What has driven performance in 3QFY12?
  • SAIL has reported a decline of 4.9% YoY in net sales. This is because of slowdown in demand from domestic as well as international markets. Rising interest rate and global uncertain economic situation has led to lower demand for steel.

    Break-up of operating costs
    (Rs m) 3QFY11 3QFY12 Change 9mFY11 9mFY12 Change
    Raw Materials 51009 44207 -13.3% 129474 139951 8.1%
    % of sales 45.2% 41.2%   41.6% 42.9%  
    Staff costs 18635 18645 0.1% 17618 61115 246.9%
    % of sales 16.5% 17.4%   5.7% 18.7%  
    Consumption of stores and spares 5808 6572 13.1% 55756 19292 -65.4%
    % of sales 5.1% 6.1%   17.9% 5.9%  
    Power & fuel 8876 11285 27.1% 26426 33141 25.4%
    % of sales 7.9% 10.5%   8.5% 10.2%  
    Other Expenditure 10843 10769 -0.7% 29917 30693 2.6%
    % of sales 9.6% 10.0%   9.6% 9.4%  

  • As far as operating profits are concerned, they have taken a hit to the tune of 10.3%.YoY during the quarter. The reason for the decline was the increase in the raw material costs. Prices of coking coal, a key raw material used in making steel, jumped to an average of USD $280 per tonne during the third quarter as compared to average USD $205 per tonne during the same period last year. A weaker rupee makes imports more expensive. SAIL imports 70% of its coking coal requirements from international markets where prices have remained firm. Operating margins also declined by 1% YoY.

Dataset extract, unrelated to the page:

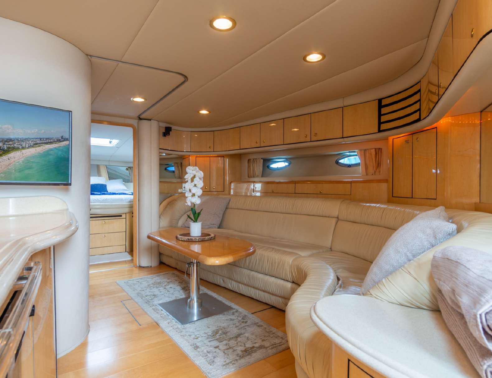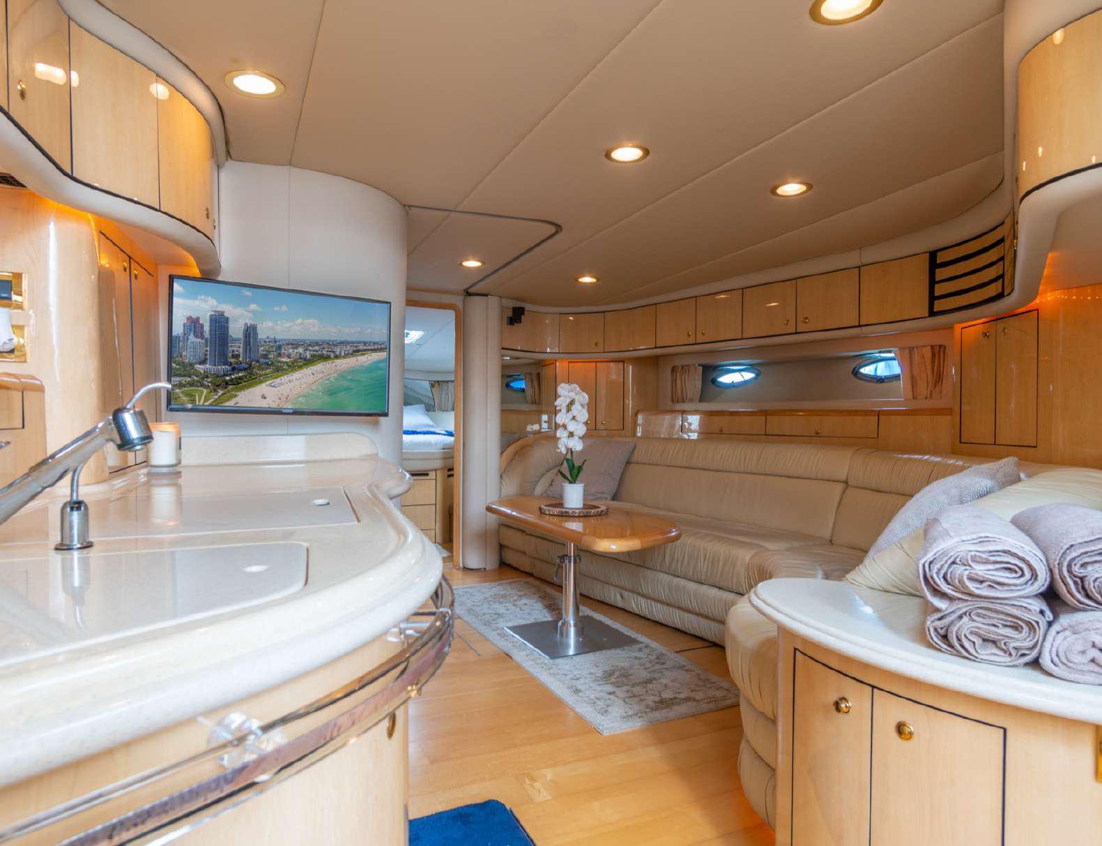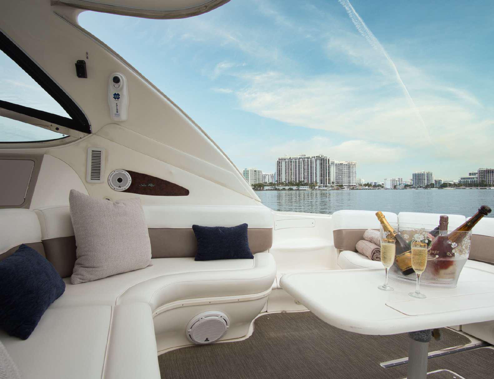THE 54 FT Sea Ray Express YACHT IS AN ALL AROUND FAVORITE BY EVERYONE WHO STEPS ABOARD. GREAT LAYOUT, SPACIOUS AND MODERN, THE YACHT IS PERFECT FOR A DAY CHARTER. WITH EXPANSIVE SEATING areas TO RELAX ON AND A NEW AMAZING SOUND SYSTEM THIS YACHT IS PERFECT TO CRUISE THE WATERS OF SOUTH FLORIDA IN. JOIN your experienced CAPTAIN AND CREW AS THEY GUIDE YOU ON AN EXCITING ADVENTURE ON THE WATERS OF MIAMI AND SOUTH BEACH.

  • At the bottomline level, profits declined by 42.9% YoY during the quarter. The net profit margins declined from 10.8% in 3QFY11 to 6% in 3QFY12. The decline in net profit was because of steep Rupee depreciation against both Dollar and Euro which resulted in foreign exchange fluctuation loss of Rs 4.7 bn as compared to a profit of Rs 332 m on short term foreign currency loans in the same quarter last year.

  • The company has declared an interim dividend of Rs 1.2 per share for the financial year 2010-11.

  • During the quarter SAIL-led AFISCO (Afghan Iron & Steel Consortium), which had submitted its bid for mining exploration rights at Hajigak having an estimated reserve of 1.7 bn tonnes of iron ore, won the status of ‘Preferred bidder' for blocks B, C and D of the mines.

What to expect?
Steel prices are starting to show signs of improvement. The demand for steel from construction sector has been on the upswing and the management expects prices to improve or at least remain steady. The company's ambitious modernization plan has been delayed. By the end of the next fiscal year, its capacity is likely to reach 19 m tonne as a result of the modernisation of its five integrated steel plants. The company's follow on public offer (FPO) has been put off until the next fiscal. The company has outlined a capex plan of Rs 145 bn for FY13 for which it plans to borrow Rs 70 bn.

At the current price of Rs 110, the stock trades at around 1x our estimated FY14 book value per share. We maintain a positive view on the stock.